Etiquette



DP Etiquette

First rule: Don't be a jackass.

Other rules: Do not attack or insult people you disagree with. Engage with facts, logic and beliefs. Out of respect for others, please provide some sources for the facts and truths you rely on if you are asked for that. If emotion is getting out of hand, get it back in hand. To limit dehumanizing people, don't call people or whole groups of people disrespectful names, e.g., stupid, dumb or liar. Insulting people is counterproductive to rational discussion. Insult makes people angry and defensive. All points of view are welcome, right, center, left and elsewhere. Just disagree, but don't be belligerent or reject inconvenient facts, truths or defensible reasoning.

Monday, January 20, 2020

The Angola Papers: The Morality of Markets

The New York Times reports on how Western expertise helps a powerful African kleptocrat, Isabel dos Santos, launder and make money. She parties with celebrities who are either clueless or don't care about morals.


Wheee!! Im partying!!
From left, Chris Tucker, Nicole Scherzinger, Isabel dos Santos
Paris Hilton and Chris Zylka (2018)


The NYT writes:
“Posing for photos at [a] May 2017 not the one above, that was a different party] event was Isabel dos Santos, Africa’s richest woman and the daughter of José Eduardo dos Santos, then Angola’s president. Her husband controls the jeweler, De Grisogono, through a dizzying array of shell companies in Luxembourg, Malta and the Netherlands. 
But the lavish party was possible only because of the Angolan government. The country is rich in oil and diamonds but hobbled by corruption, with grinding poverty, widespread illiteracy and a high infant mortality rate. A state agency had sunk more than $120 million into the jewelry company. Today, it faces a total loss. 
Ms. dos Santos, estimated to be worth over $2 billion, claims she is a self-made woman who never benefited from state funds. But a different picture has emerged under media scrutiny in recent years: She took a cut of Angola’s wealth, often through decrees signed by her father. She acquired stakes in the country’s diamond exports, its dominant mobile phone company, two of its banks and its biggest cement maker, and partnered with the state oil giant to buy into Portugal’s largest petroleum company. 
Now, a trove of more than 700,000 documents obtained by the International Consortium of Investigative Journalists, and shared with The New York Times, shows how a global network of consultants, lawyers, bankers and accountants helped her amass that fortune and park it abroad. Some of the world’s leading professional service firms — including the Boston Consulting Group, McKinsey & Company and PwC — facilitated her efforts to profit from her country’s wealth while lending their legitimacy. 
PricewaterhouseCoopers, now called PwC, acted as her accountant, consultant and tax adviser, working with at least 20 companies controlled by her or her husband. Yet there were obvious red flags as Angolan state money went unaccounted for, according to money-laundering experts and forensic accountants who reviewed the newly obtained documents.”

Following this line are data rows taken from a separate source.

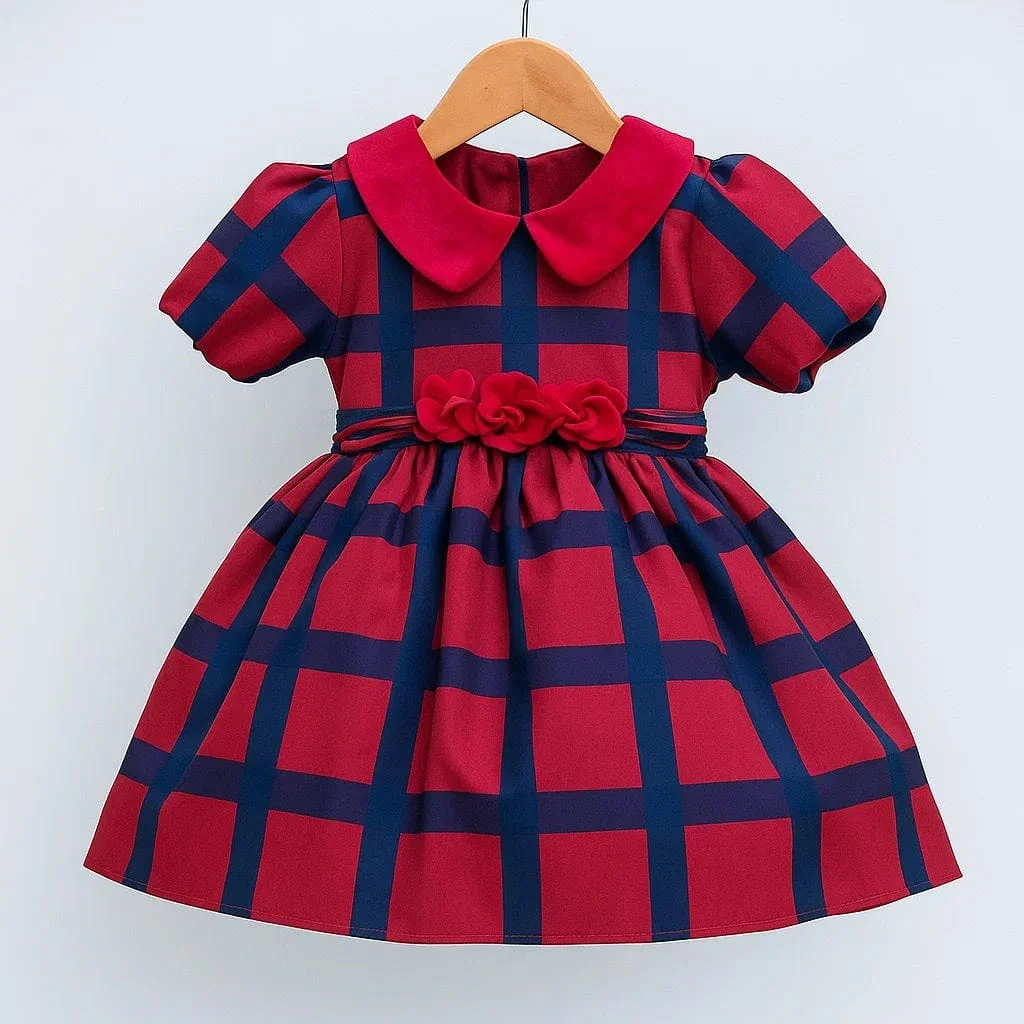 Abito a palloncino, fantasia a quadri in tessuto simil taffetà, con manica a sbuffo, colletto e fiori in vita in velluto.
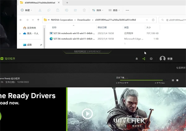 3、用户在NVIDIA程序中下载最新版本,可以发现乱码文件夹中出现了安装包但是又消失了,然后就提示下载安装失败。
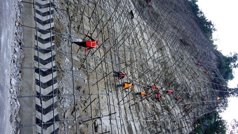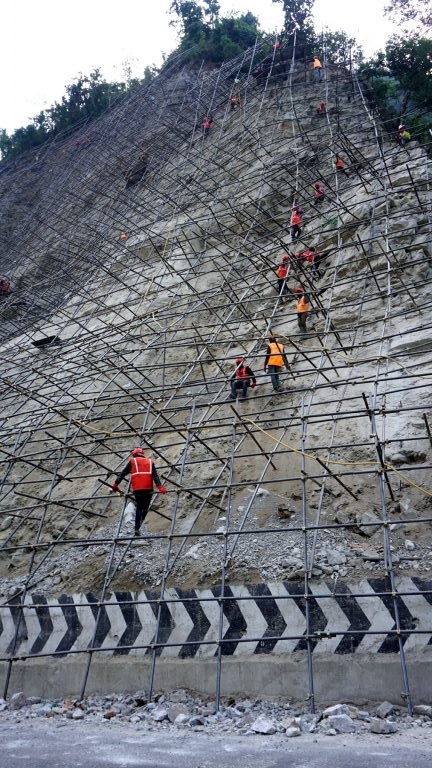 मजदूर कतै फलामको डण्डीको भर्याङ (स्काफोल्डिङ)मा बसेर काम गरिरहेका छन् त कतै रुखमा बाँधिएको डोरीको अङ्कुशेमा अडिएर काममा व्यस्त छन् । कोही जाली बिच्छ्याउँदै र कोही चट्टानमा रड (किला) ठोकेर नटबोल्टको काम गरिरहेका छन् ।
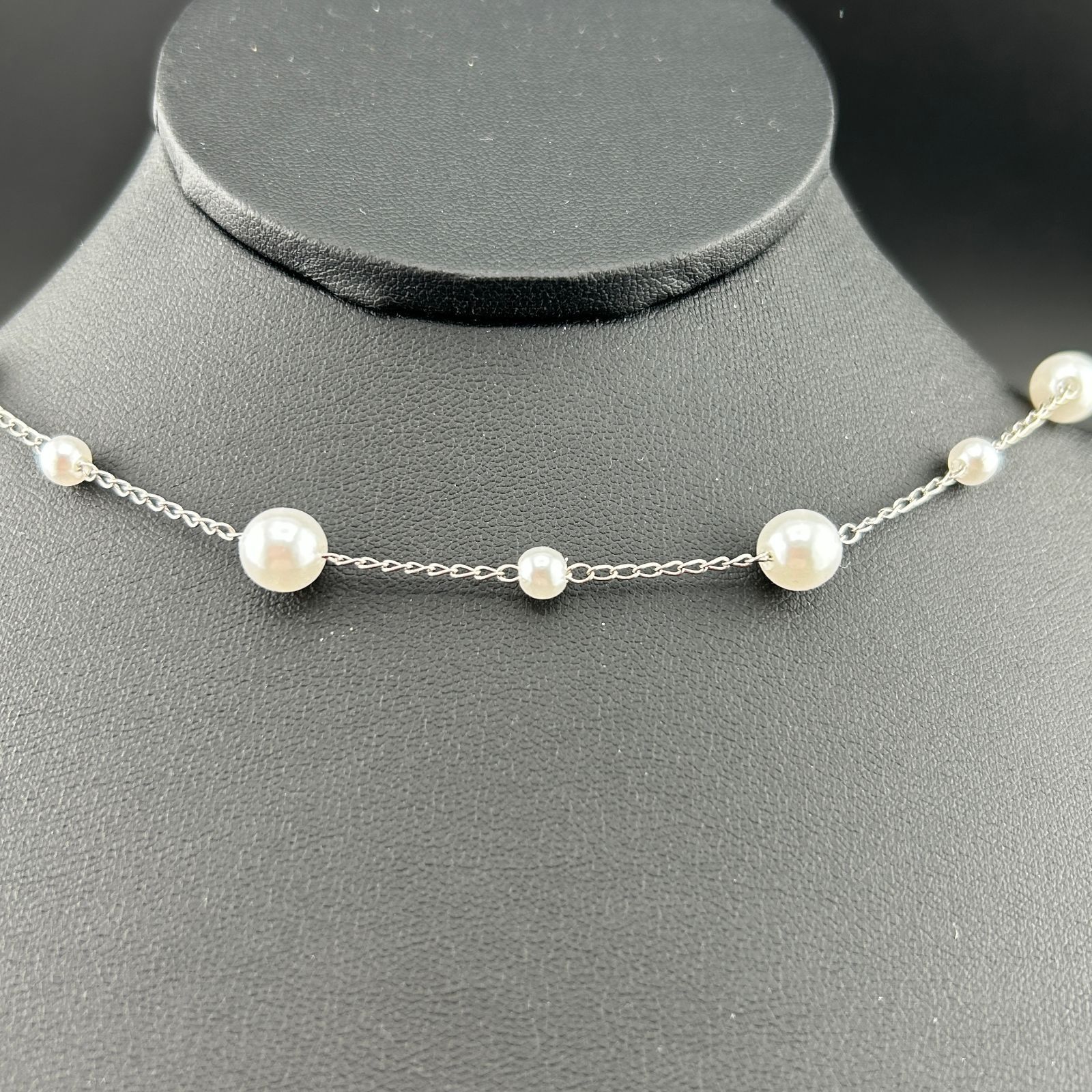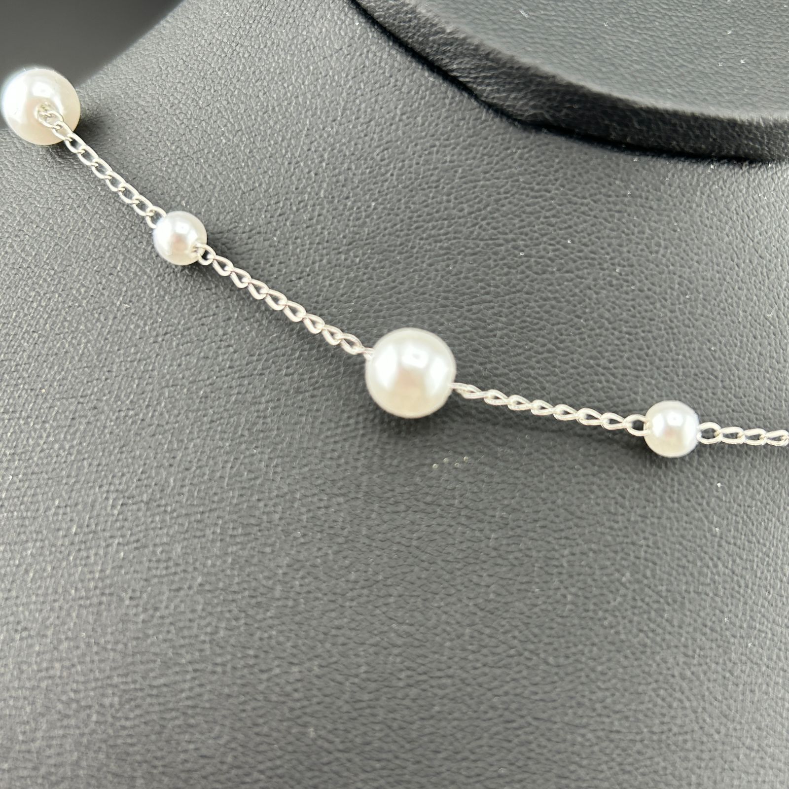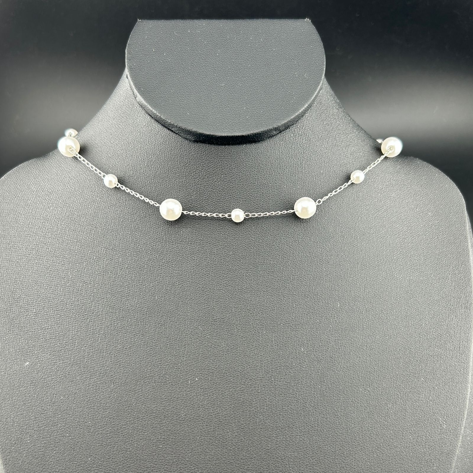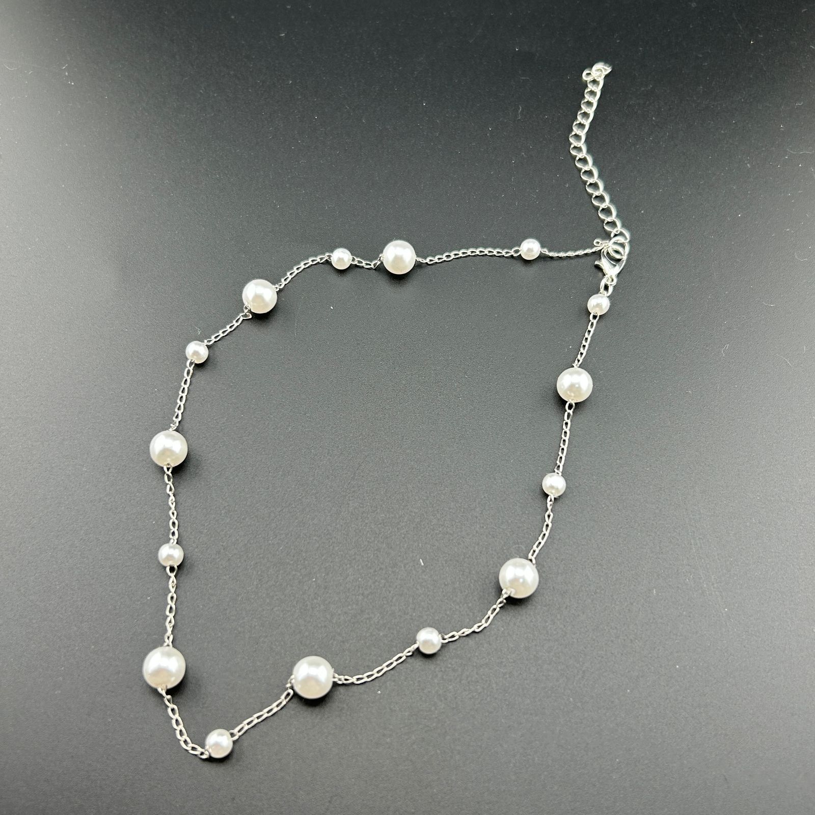 【新品】アクセサリー ネックレス シルバー×ホワイト シンプル キレイ◆
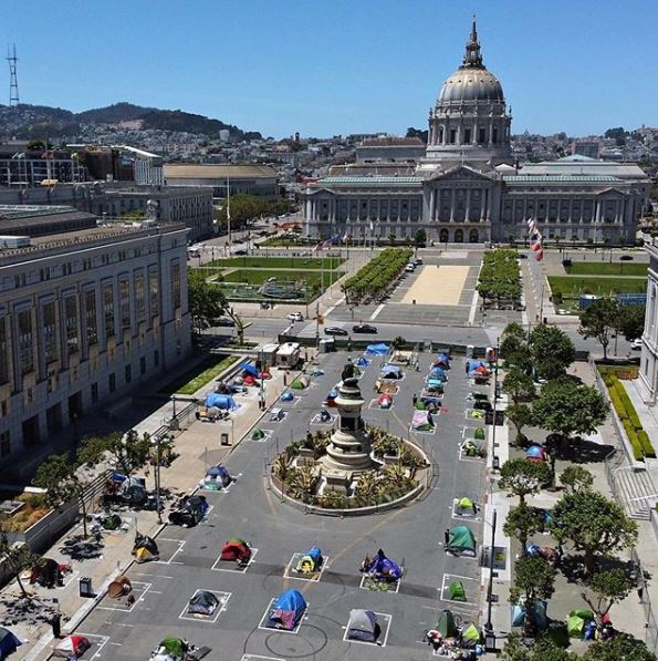 Socially Distanced Homeless Encampments, San Francisco City Hall
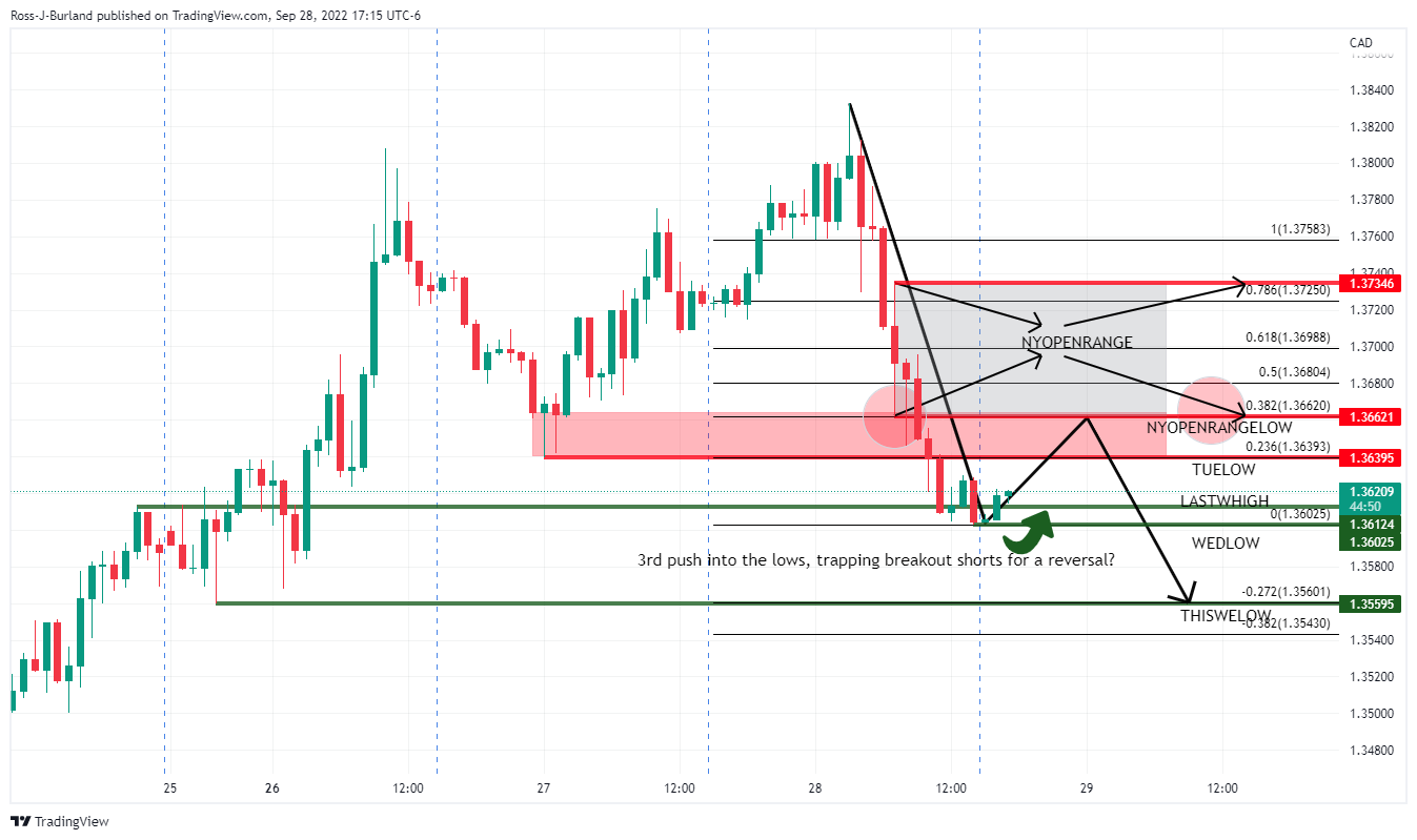 下图列出美国时段开盘时美元/加元的关键水平,未来数个交易日美元/加元可能会再次测试该价格,该区间的低点在1.3660附近与38.2%斐波位汇合。 美元/加元小时图 在此过程中,美元/加元处在震荡当中,寻求突破看跌趋势,汇价需要突破上行处在周二低点1.3640上方。如果美元/加元维持在该水平上方,汇价将进一步突
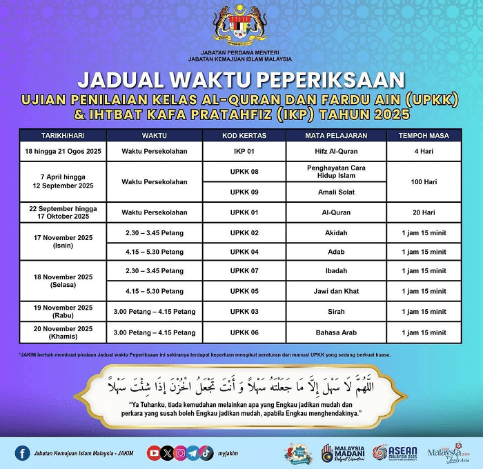 Jadual Waktu Peperiksaan Ujian Penilaian Kelas Al-Quran Dan Fardu Ain (UPKK) & Ihtbat Kafa Pratahfiz (IKP) Tahun 2025
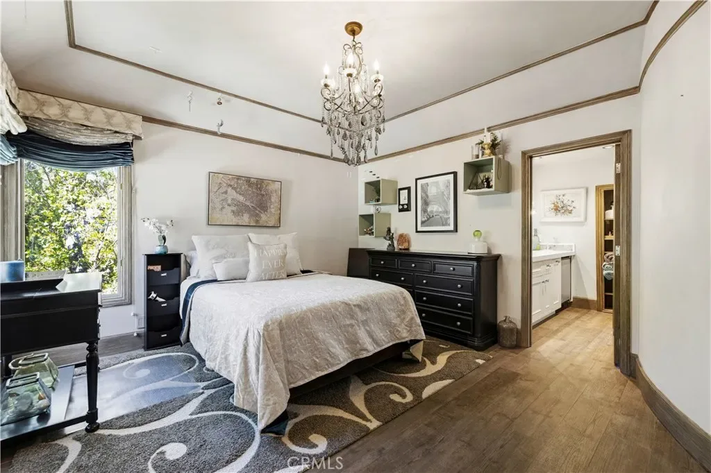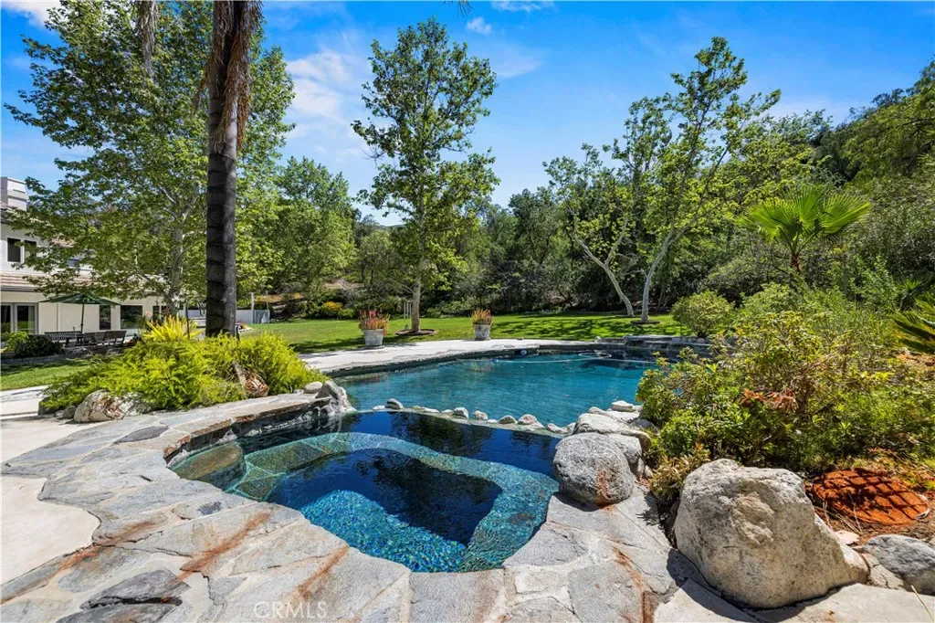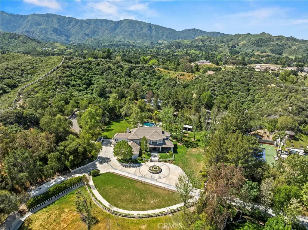 Welcome to your dream home in the prestigious Sand Canyon neighborhood! This California contemporary estate offers 5,134 sq ft of living space on a nearly 9-acre private and fully fenced property with serene mountain views. The gated drive leads to a grand circular driveway featuring a centerpiece fountain. A gorgeous custom metal front door opens into a sun-drenched great room with soaring ceilings, oversized windows, double doors leading outside, and a stunning custom statement fireplace, perfect for gathering or effortless entertaining. The formal dining room flows seamlessly from the main living space. The main level includes two well-appointed ensuite bedrooms with custom built-ins. The chef’s kitchen is a true showpiece with a soapstone island, natural stone countertops, and custom cabinetry all opening seamlessly to the breakfast nook and family room. Enjoy the 6 burner Dacor range, double ovens, dual refrigerator/freezer, steamer and generous pantry storage. The expansive family room features exposed beams, a custom feature wall, an architectural fireplace with extended hearth, and a bay window seat. Upstairs, an airy loft overlooks the great room. The primary suite is a private sanctuary with a fireplace, balcony views, and a sun patio with above-ground spa. A generous walk-in closet leads to a flexible bonus room. The ensuite bath offers dual vanities, a separate soaking tub, steam shower with rainfall feature and towel warmer, plus a laundry chute for added convenience. There are three additional bedrooms on the second floor, including one en-suite. Outside, enjoy a sprawling lawn, resort-style pool and waterfall spa, built-in BBQ, and a sport court lined for basketball and pickleball. A detached workshop/5-car garage, RV electrical hookup, and generator system (with potential backup to the main house) complete this exceptional property. Whether you’re dreaming of unforgettable gatherings, space for hobbies and toys, or a true retreat surrounded by nature, this property delivers a rare lifestyle in an exclusive neighborhood!
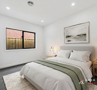 This home offers four spacious bedrooms, including two master bedrooms, featuring generous walk-in robes & built-in robes and beautifully appointed ensuites, providing comfort and privacy. The remaining two bedrooms are fitted with built-in robes and are serviced by a stylish central bathroom, showcasing a freestanding bathtub, oversized shower with rain head, full-height tiling, and a sleek stone-top vanity delivering both luxury and practicality for the whole family.
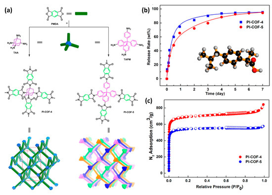 - Fang, Q.; Wang, J.; Gu, S.; Kaspar, R.B.; Zhuang, Z.; Zheng, J.; Guo, H.; Qiu, S.; Yan, Y. 3D porous crystalline polyimide covalent organic frameworks for drug delivery. J. Am. Chem. Soc. 2015, 137, 8352–8355. [Google Scholar] [CrossRef] [PubMed]
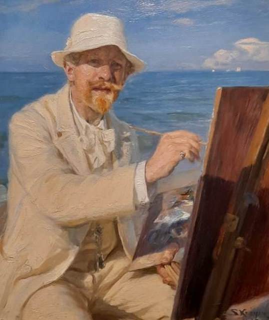Peder Kroyer était un maître de la lumière, que ce soit une lumière de plein jour comme dans Hip, Hip, Hip…Hourrah où on le voit trinquer joyeusement avec plusieurs de ses amis peintres, ou une lumière du soir qui va parer la nature de reflets aux teintes propres aux pays nordiques. Durant les longs crépuscules d’été, où le soleil n’en finit pas de se coucher, les rayons rasants créent une atmosphère étrange pendant ce moment particulier qu’est l’Heure bleue. Les ombres des personnages et des reliefs s’étirent en donnant une impression colorée, comme celles reproduites dans Pêcheurs de Skagen au coucher de soleil.
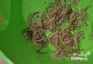 Чистим лук, нарезаем полукольцами. Выкладываем его в миску, посыпаем солью и перцем. Заливаем лимонным соком или уксусом - пусть маринуется, пока мы будем заниматься другими ингредиентами.
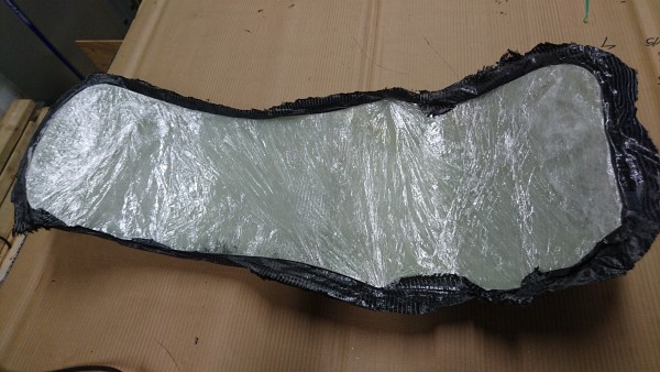 Koska ensimmäisen protopenkin pinnanlaadulla ei olisi niin väliä, niin työläs ja aikaavievä muottipinnan viimeistely päätettiin jättää myöhempään ajankohtaan. Siispä muotin päälle vain elmukelmua estämään epoksin tarttuminen.

The morality of markets and money
The International Consortium of Investigative Journalists (ICIJ) has once again got its fake news hands on a pile of evidence of how corrupt many (most?) rich people are. Morals and human decency are simply irrelevant to these people. Among other shiny objects of evil, the ICIJ has brought us the Paradise Papers and the Panama Papers. The latter included leaked documents showing a little sliver of Vladimir Putin’s staggering corruption and that of dozens of other rich people hiding assets and corruption in anonymous offshore accounts. The ICIJ has exposed trillions in global theft among rich pillars of the community and playthings for clueless or immoral celebrities. Now we have the Angola papers. Same corrupt story, same human misery, different country, different kleptocrats.

The moral lesson is obvious and simple: The markets and their employees do not care about corruption. They care about making money. Period.

So, when Michael Sandel writes about the moral limits of markets and profits, this exemplifies how limitless but mainstream market immorality really is.

One can only wonder if Ms. dos Santos will sue the failing, fake news NYT and/or ICIJ for defamation. We all hope the backlash doesn't go any farther than that.



 Isabel dos Santos, the face of . . . . what?